Mr. Jamieson looked round him with a sigh of utter content, and Mr. Seton said, "I wish I thought that the rest of the world was as peaceful as this little glen." He helped himself to jam. "The situation in Ireland seems to grow more hopeless every day; and by the way, Jamieson, did you see that the Emperor of Austria's heir has been assassinated along with his wife?"

"I saw that," said Mr. Jamieson. "I hope it won't mean trouble."

"It seems a pointless crime," said Elizabeth.

"Buff, come out of the burn, you water-kelpie, and take your tea."

Buff was trying to drag a large stone from the bed of the stream, and was addressing it as he had heard the stable-boy address the pony—"Stan' up, ye brit! Wud ye, though?"—but at his sister's command he ceased his efforts and crawled up the bank to have his hands dried in his father's handkerchief.
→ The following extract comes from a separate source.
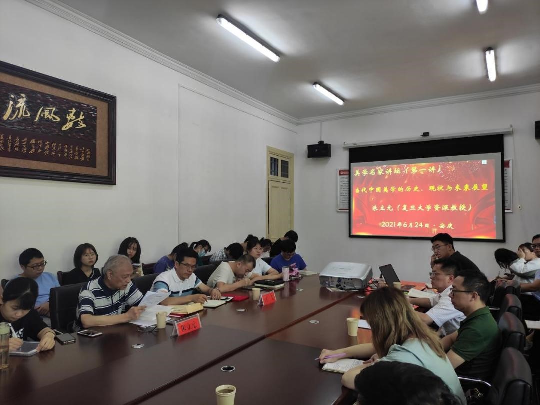 6月24日上午,应人文学院邀请,著名美学家、中华美学学会副会长、复旦大学资深教授、纽约国际最新网站美学与文艺评论研究中心顾问朱立元先生,在红楼会议室做了题为“中国当代美学的历史、现状和展望”的学术讲座。这是美学与文艺评论研究中心主办的“美学名家讲坛”第一讲,由中心主任江飞教授主持,60余名硕士生、本科生前来聆听,现场爆满。

It never took Buff long to eat a meal, and in a very few minutes he had eaten three scones and drunk two cups of milk, and laid himself face down-wards in the heather to ruminate.

"Mr. Jamieson," he said suddenly, "if a robber stole your money and went in a ship to South Africa, how would you get at him?"

Mr. Jamieson, unversed in the ways of criminals, was at a loss.

"I doubt I would just need to lose it," he said.

This was feeble. Buff turned to his father and asked what course he would follow.

"I think," said Mr. Seton, "that I would cable to the police to board the ship at the first port."

Buff rejected this method as tame and unspectacular.

"What would you do, Lizbeth?"

"It depends," said Elizabeth, "on how much money I had. If it was a lot, I would send a detective to recover it. But sending a detective would cost a lot."

Buff thought deeply for a few seconds.

"I know what I would do," he said. "I would send a bloodhoundsteerage."